** Opening PROVIDED ENTRIES block **
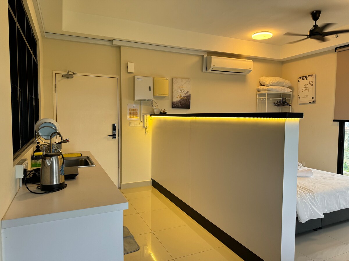 D'Pristine está estratégicamente situado en Medini, dentro de Nusajaya, a poca distancia a pie de Legoland, Mall of Medini y Gleneagles Hospital. A solo 5-8 minutos en coche de lugares de interés como Eco Botanic City, Sunway Big Box Retail Park, Puteri Harbour, Sunway Citrine Hub, etc. El lugar es adecuado para parejas, familias con hijos, aventureros solitarios y viajeros de negocios. Ven y disfruta de este acogedor y tranquilo apartamento con un ambiente acogedor para los niños. Te sentirás como en tu propio hogar.
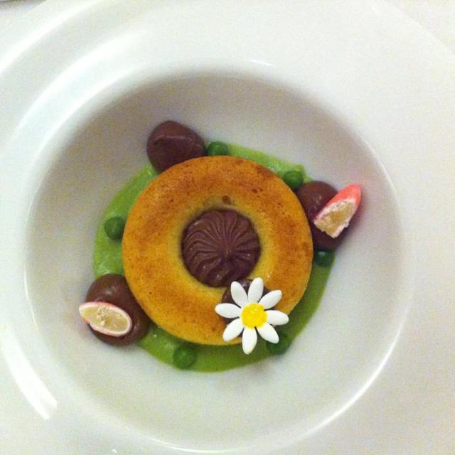 GnamBellina alle mandorle e olio extra vergine di oliva al profumo di limone, crema leggera alle mandorle e cioccolato al latte di soia su salsa di piselli e pistacchio di Rinaldini
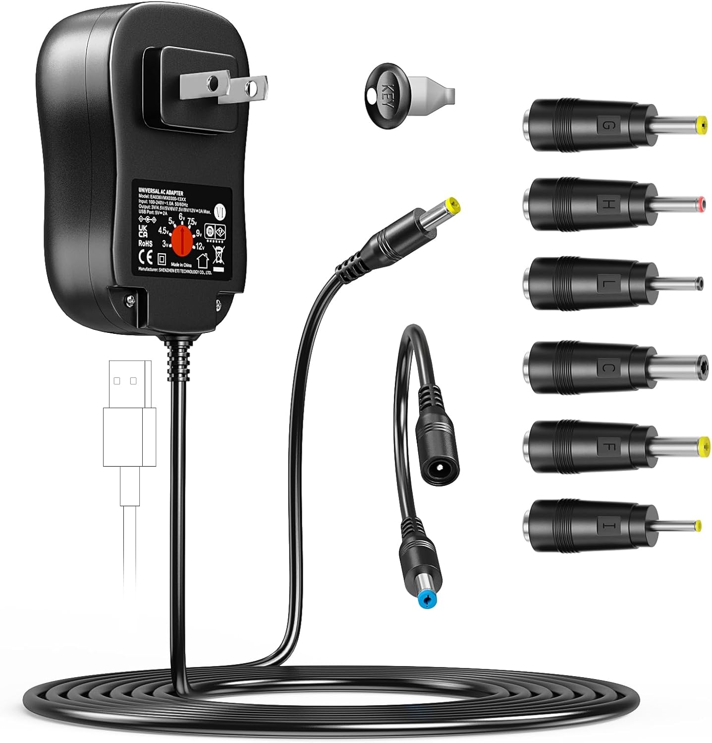 「ユニバーサル DCアダプタ」マルチ電圧充電器は、過電圧、過電流、短絡、および過熱の安全保護がある。ルーター、LEDストリップ、ランプ、ウェブサイト、セキュリティカメラ、HDMIスイッチャー、GPS、おもちゃ、USBハブ、タブレット、防犯録画機などのDC家電など電子機器の電源として安心使用可能です。
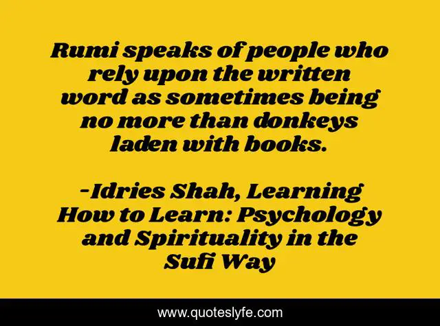 This page presents the quote "Rumi speaks of people who rely upon the written word as sometimes being no more than donkeys laden with books.". Author of this quote is Idries Shah, Learning How to Learn: Psychology and Spirituality in the Sufi Way. This quote is about rumi, literature, psychology, sufism, idries-shah, culture, sufis,.
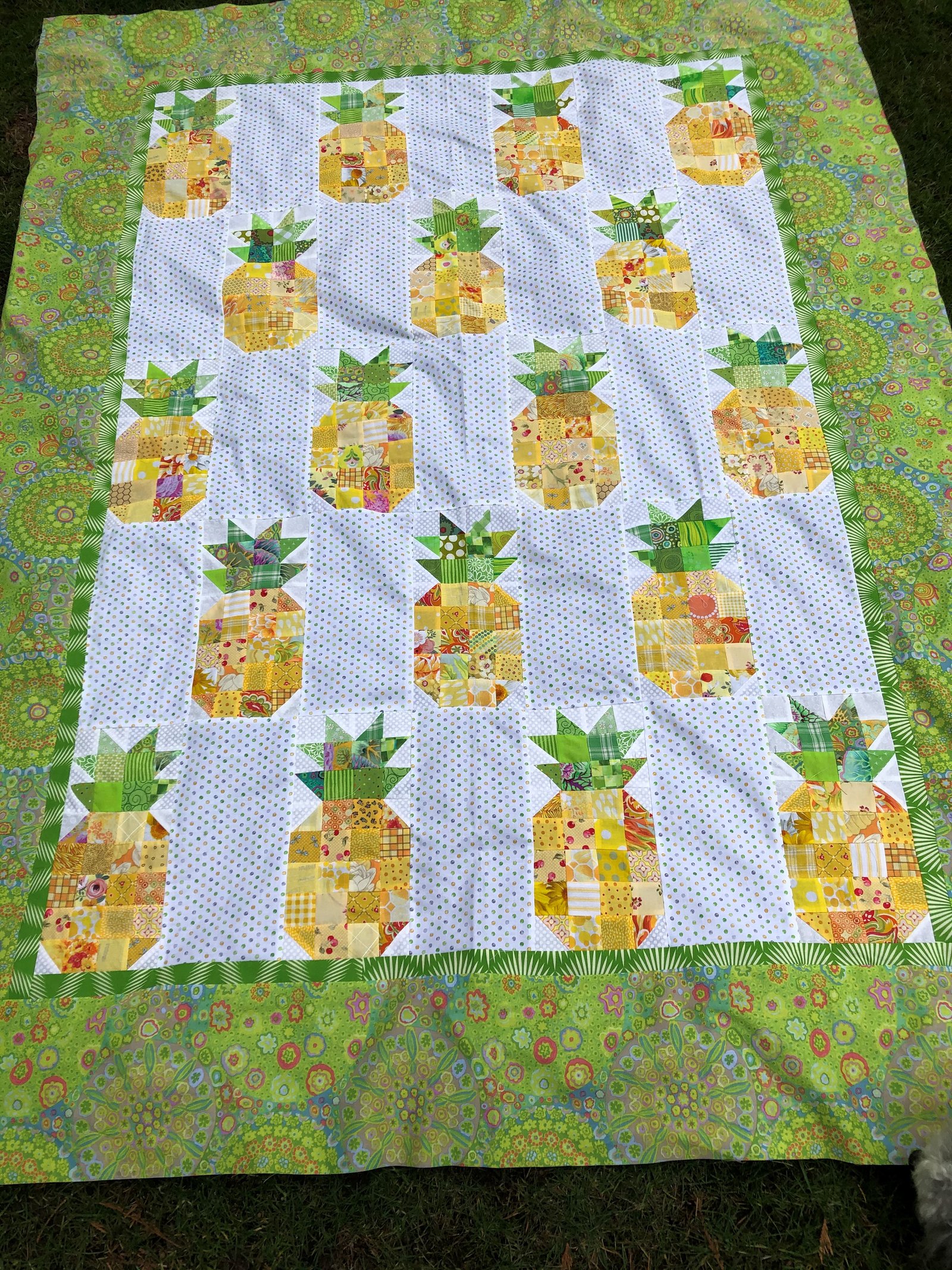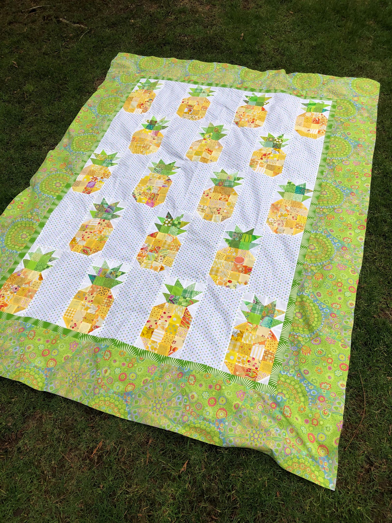 Corona quilt #2 is a beaut, no? I started this quilt last July when we were toying with the idea of going to Hawaii the week before Thanksgiving so the mister could watch his beloved basketball teams in the tournament that is held there every year. The mister was desperately trying to finagle a way to make the trip work...he wanted to see the games but I wanted to be home in time to shop and prepare for Thanksgiving...I won. Which meant no Hawaii for me which was sad but I was so happy to be home for my favorite holiday and my parents were able to be here, too! My pineapple quilt soon became a way for me to assuage my sadness of saying Aloha to Hawaii.
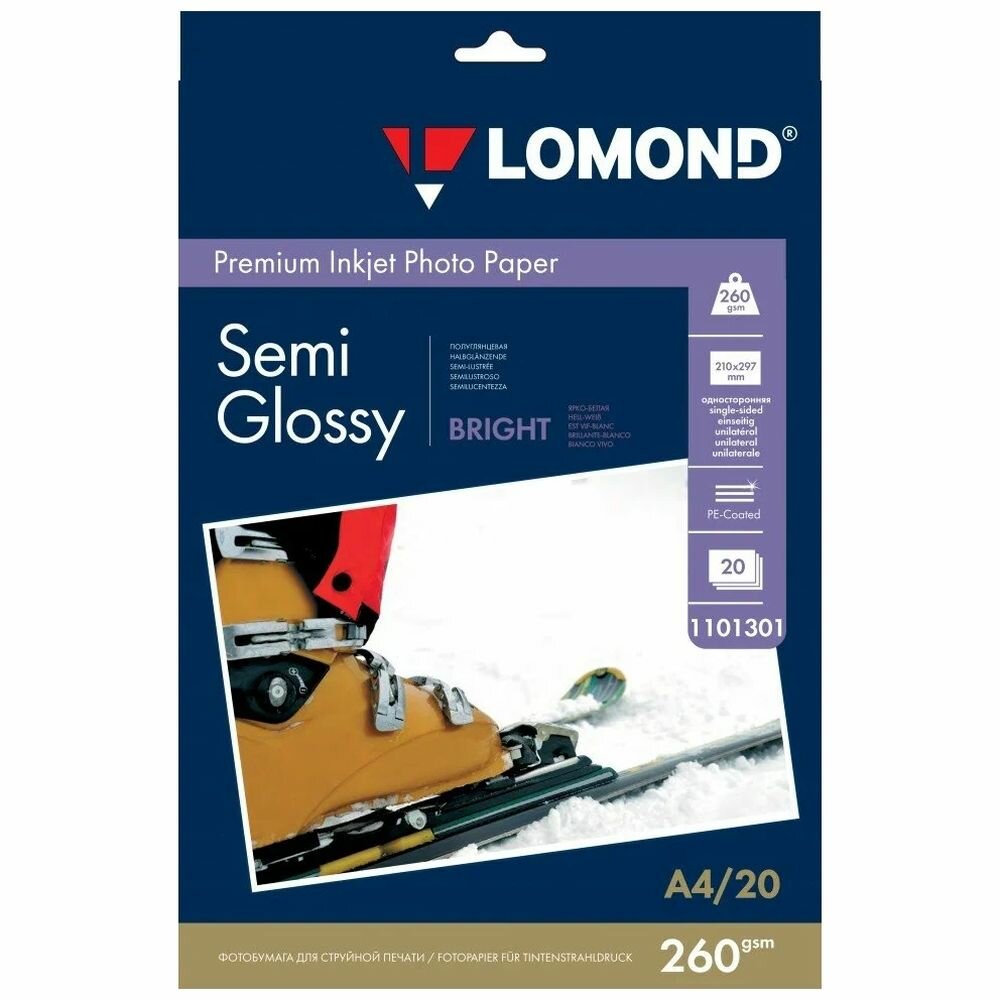 Фотобумага Lomond A4, 260 г/м2 (20 листов) полуглянцевая, ярко-белая (Semi Glossy Bright) (1103301)
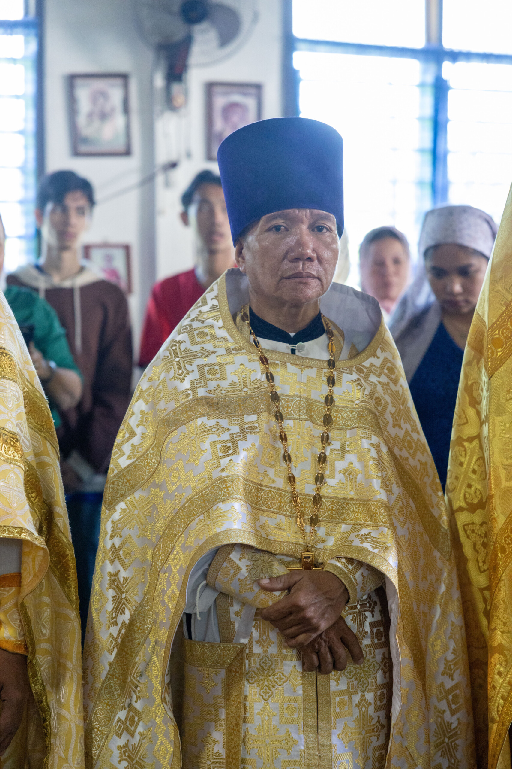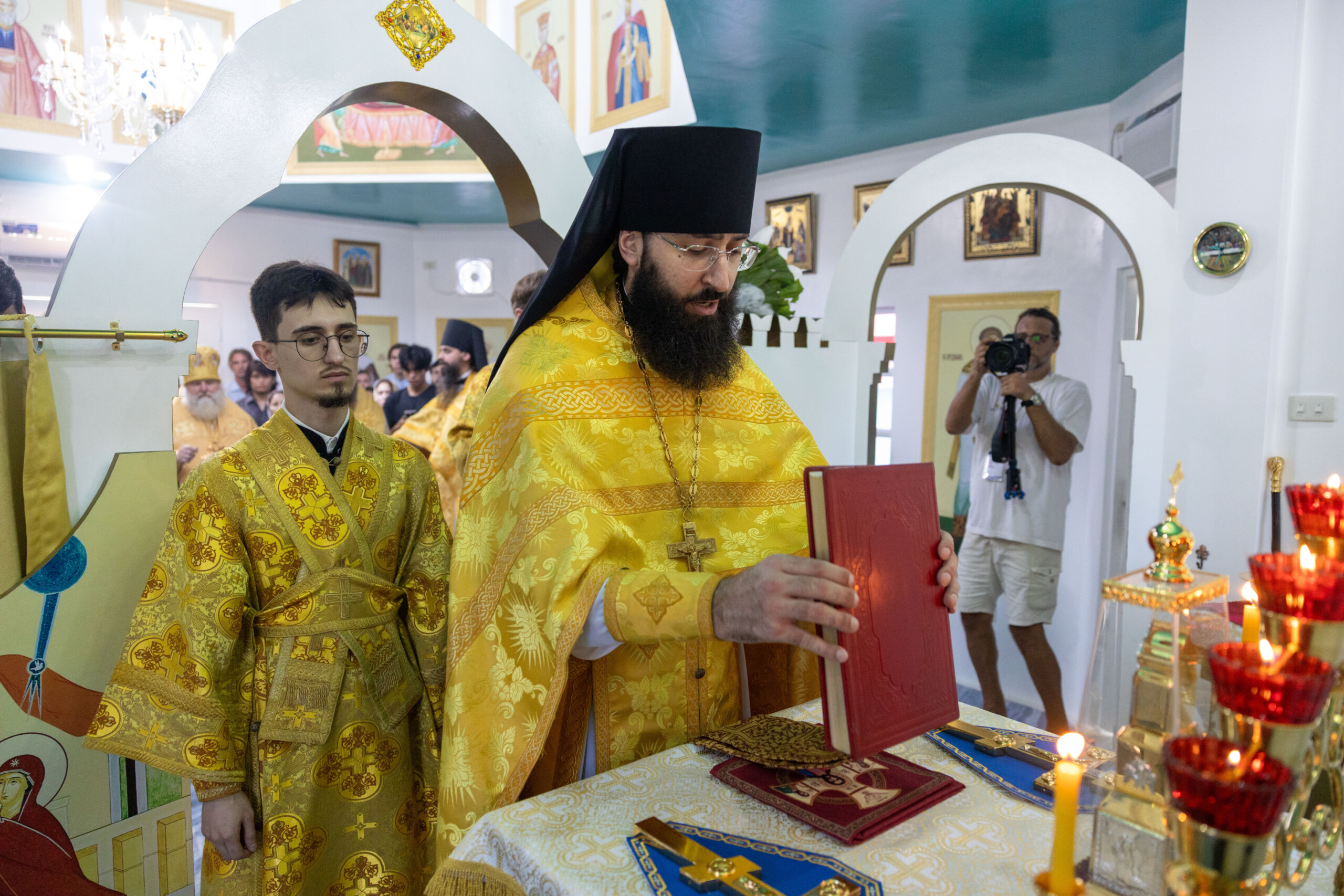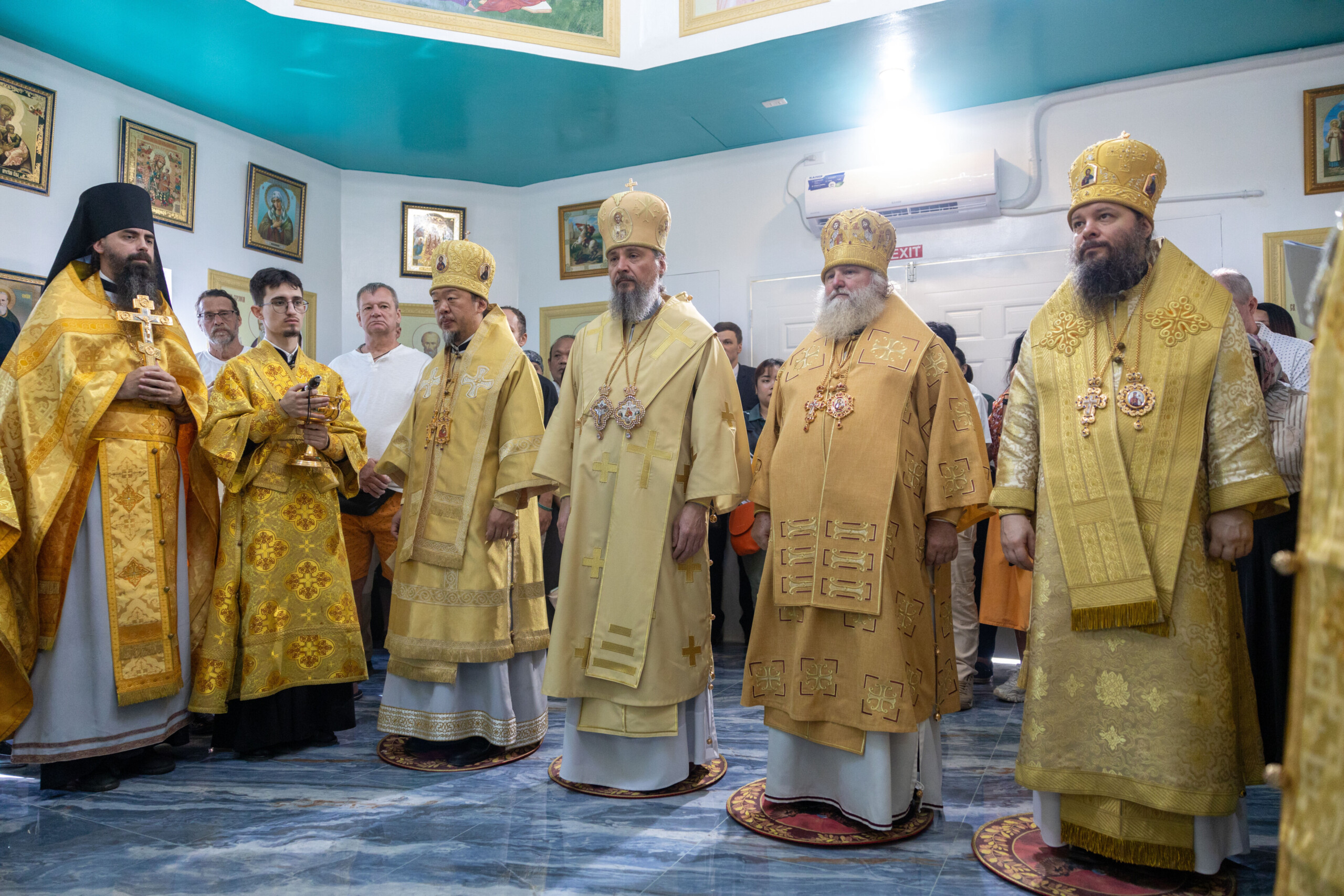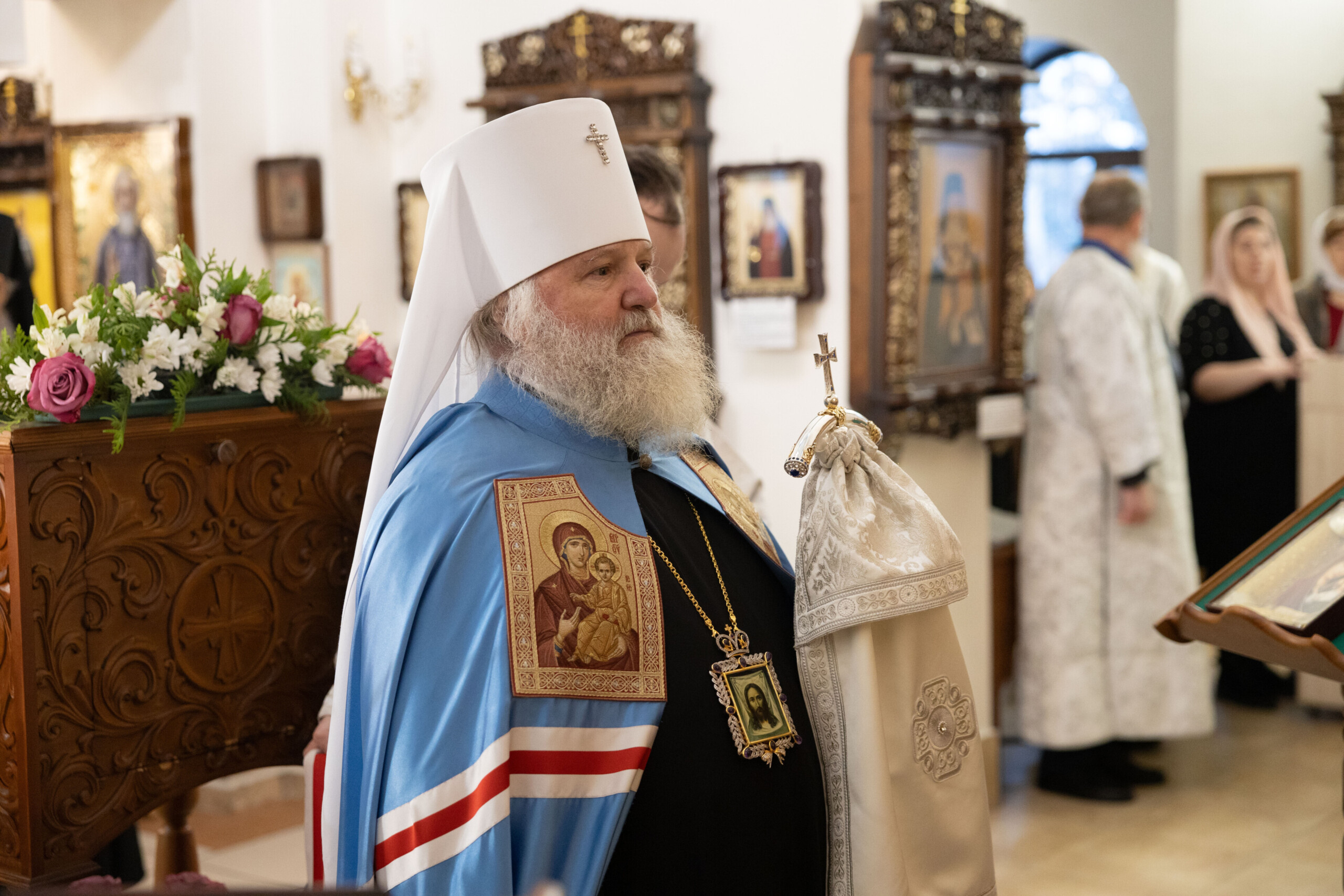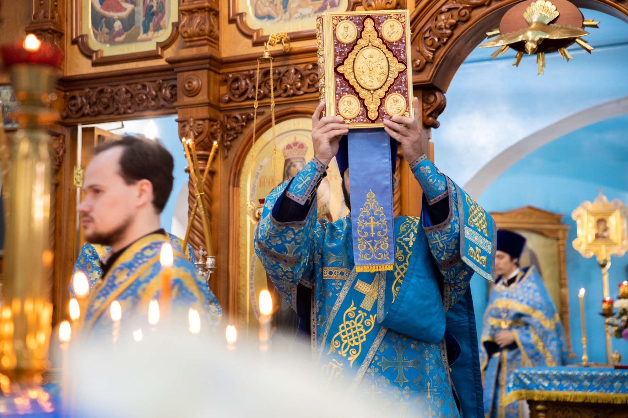 Его Высокопреосвященству сослужили: благочинный Сургутского городского благочиния протоиерей Антоний Исаков, ключарь собора иерей Григорий Белянин, духовенство собора. Диаконский чин возглавил диакон Владимир Гах.
** Closing PROVIDED ENTRIES block **
Set down, exactly as written above, each line from the one with "Corona quilt #2" through the one with "Фотобумага Lomond A4, 260", and skip the pictures.

**WRITTEN SOLUTION**
 Corona quilt #2 is a beaut, no? I started this quilt last July when we were toying with the idea of going to Hawaii the week before Thanksgiving so the mister could watch his beloved basketball teams in the tournament that is held there every year. The mister was desperately trying to finagle a way to make the trip work...he wanted to see the games but I wanted to be home in time to shop and prepare for Thanksgiving...I won. Which meant no Hawaii for me which was sad but I was so happy to be home for my favorite holiday and my parents were able to be here, too! My pineapple quilt soon became a way for me to assuage my sadness of saying Aloha to Hawaii.
 Фотобумага Lomond A4, 260 г/м2 (20 листов) полуглянцевая, ярко-белая (Semi Glossy Bright) (1103301)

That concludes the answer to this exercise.